## Description of the task
Transcribe the entries exactly as given and skip whatever images they hold.

## Input records
──────────

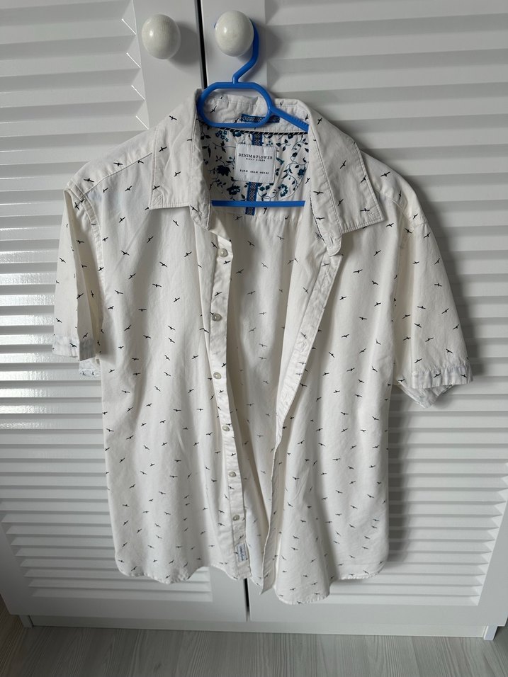 Düğmeli, kısa kollu, bol kesim ve yakalı erkek gömleği. Beyaz pamuklu kumaştan, gri detaylarla günlük rahat giyim için uygundur. Amerika’dan alınmıştır
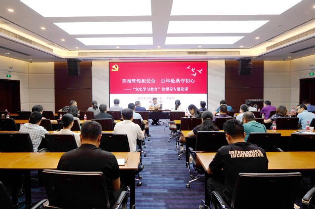 6月4日上午,校党委副书记王政书在办公楼101会议室,为分管部门和联系学院党员干部作题为《苦难辉煌担使命 百年沧桑守初心》的专题党课。
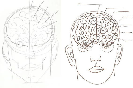 After scaling the image, I draw out a simple human head sketch like I would normally do when drawing someone’s face in still life. After that I added very minimal facial features so you know what you’re looking at. I knew that the main focus for this image was the diagrammatic side of the illustration so I then added the lines for the writing but didn’t actually add any of the type as you wouldn’t write down all the latin words if you were just creating a visual, that’s something you would do right at the end. I added the brain but drew it in a very sketchy way.
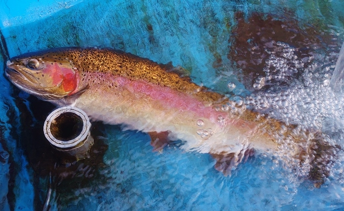 ルアーマンさん体高の立派なスチールヘッドトラウトを釣られていました。3号池。良型が釣れてまーすよ、引きの強くトルクの引きを体感してください。写真の撮影協力ありがとうございました。
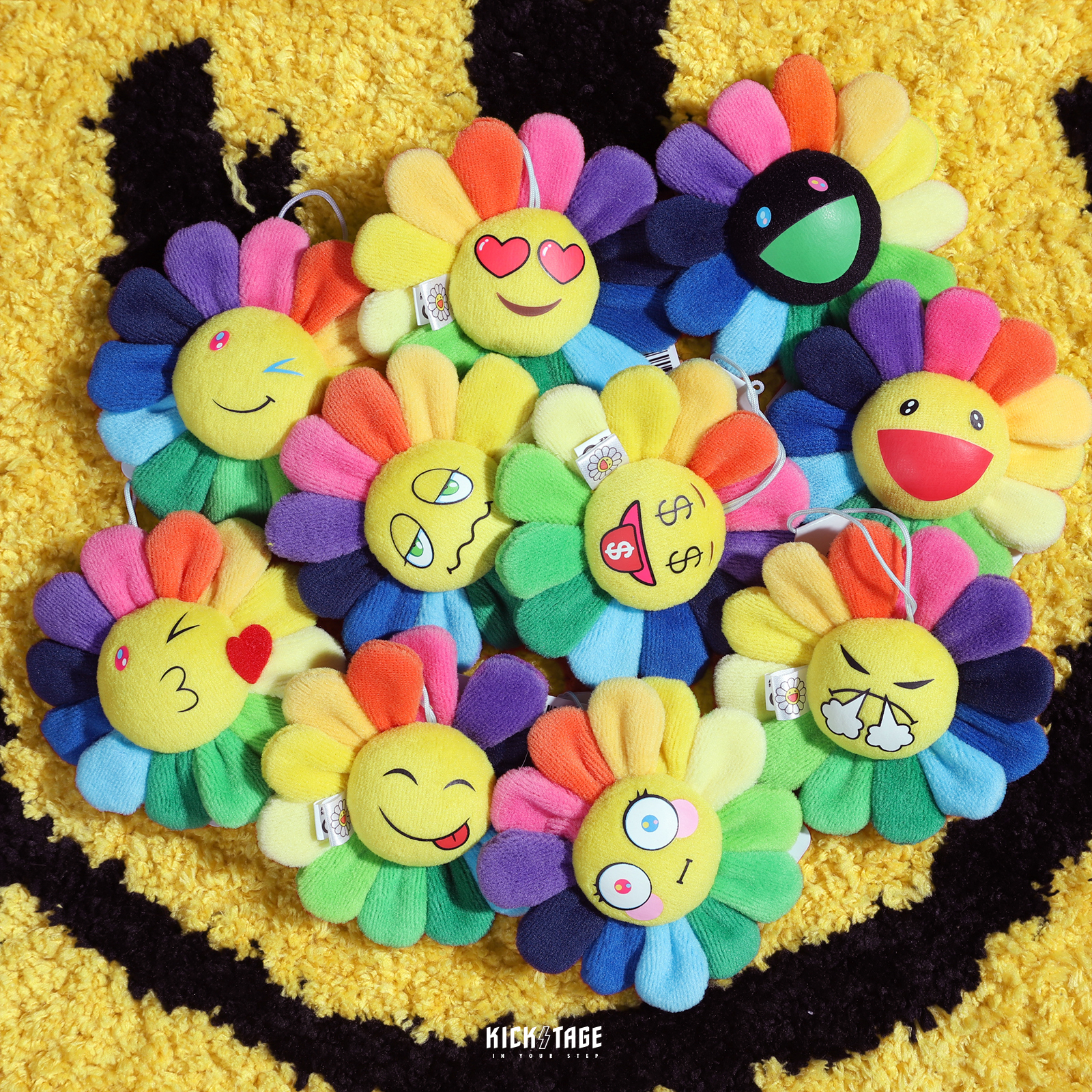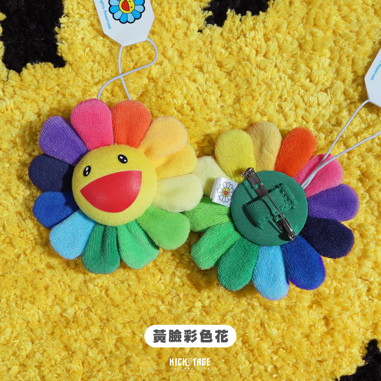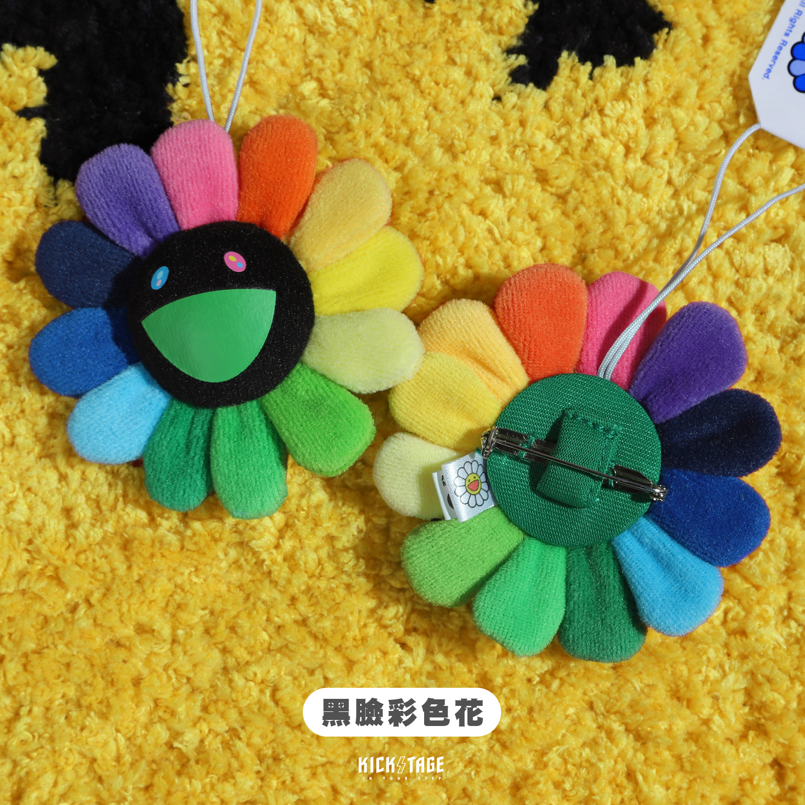 村上隆 Kaikai Kiki Flower Emoji 彩色 表情符號 潮流 太陽花 雙面吊飾 胸花 胸針 小物 收藏 日本【354-0046】
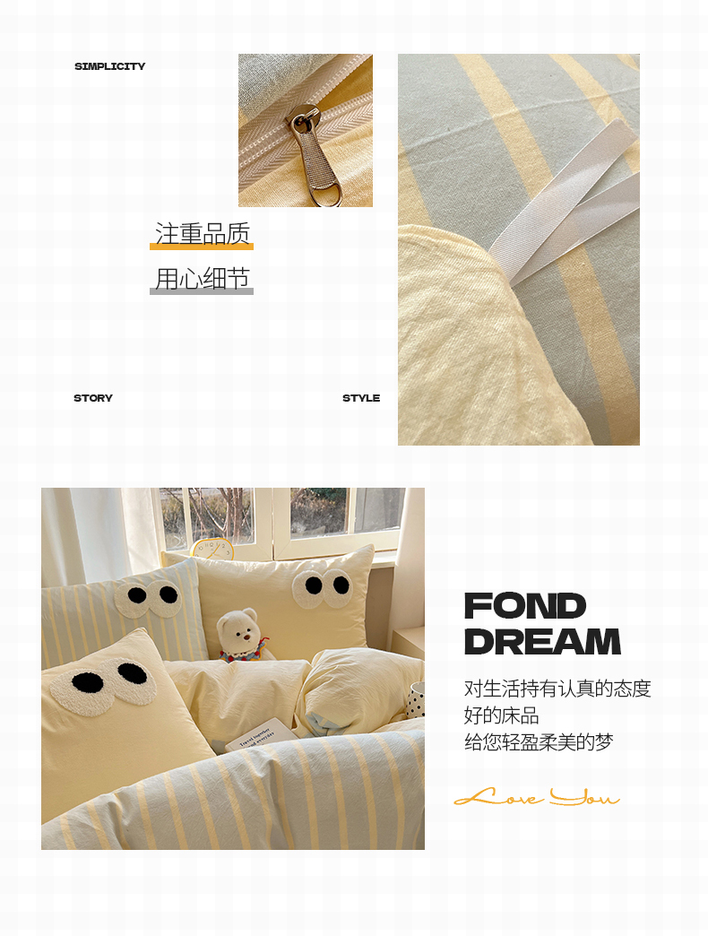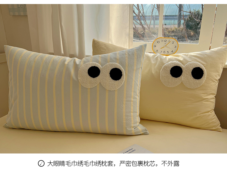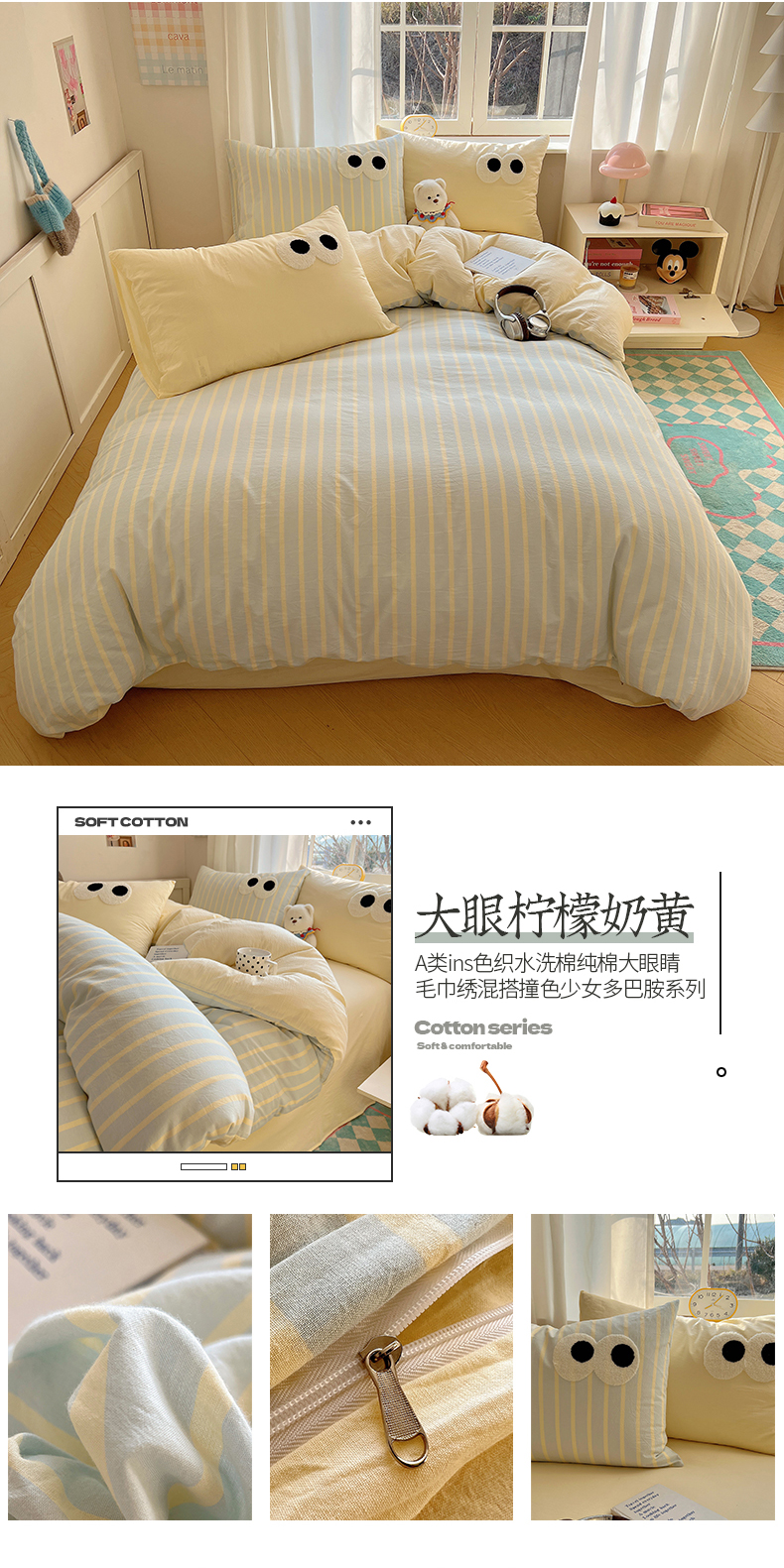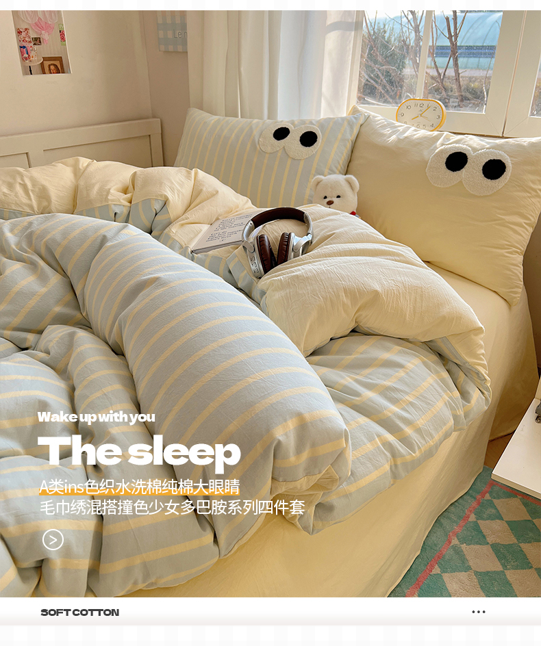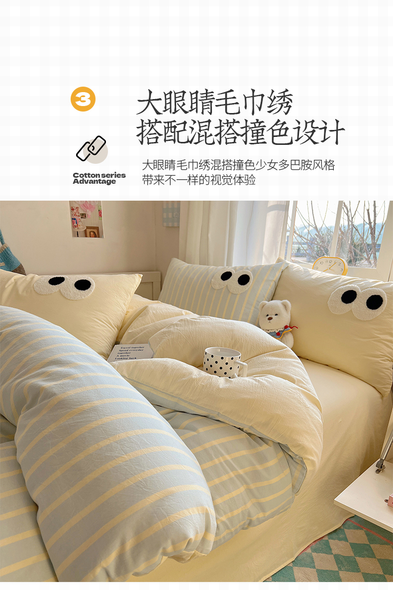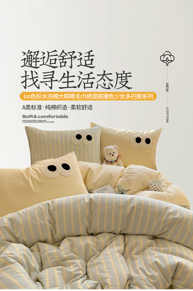 当前位置: 91家纺网 > 商品网购 > 床品套件 > 四件套 > 水洗棉四件套 > 桃子家居 2026新款A类ins色织水洗棉纯棉大眼睛毛巾绣混搭撞色少女多巴胺系列四件套 色织水洗棉-大眼柠檬奶黄

──────────

## Response
 Düğmeli, kısa kollu, bol kesim ve yakalı erkek gömleği. Beyaz pamuklu kumaştan, gri detaylarla günlük rahat giyim için uygundur. Amerika’dan alınmıştır
 6月4日上午,校党委副书记王政书在办公楼101会议室,为分管部门和联系学院党员干部作题为《苦难辉煌担使命 百年沧桑守初心》的专题党课。
 After scaling the image, I draw out a simple human head sketch like I would normally do when drawing someone’s face in still life. After that I added very minimal facial features so you know what you’re looking at. I knew that the main focus for this image was the diagrammatic side of the illustration so I then added the lines for the writing but didn’t actually add any of the type as you wouldn’t write down all the latin words if you were just creating a visual, that’s something you would do right at the end. I added the brain but drew it in a very sketchy way.
 ルアーマンさん体高の立派なスチールヘッドトラウトを釣られていました。3号池。良型が釣れてまーすよ、引きの強くトルクの引きを体感してください。写真の撮影協力ありがとうございました。
 村上隆 Kaikai Kiki Flower Emoji 彩色 表情符號 潮流 太陽花 雙面吊飾 胸花 胸針 小物 收藏 日本【354-0046】
 当前位置: 91家纺网 > 商品网购 > 床品套件 > 四件套 > 水洗棉四件套 > 桃子家居 2026新款A类ins色织水洗棉纯棉大眼睛毛巾绣混搭撞色少女多巴胺系列四件套 色织水洗棉-大眼柠檬奶黄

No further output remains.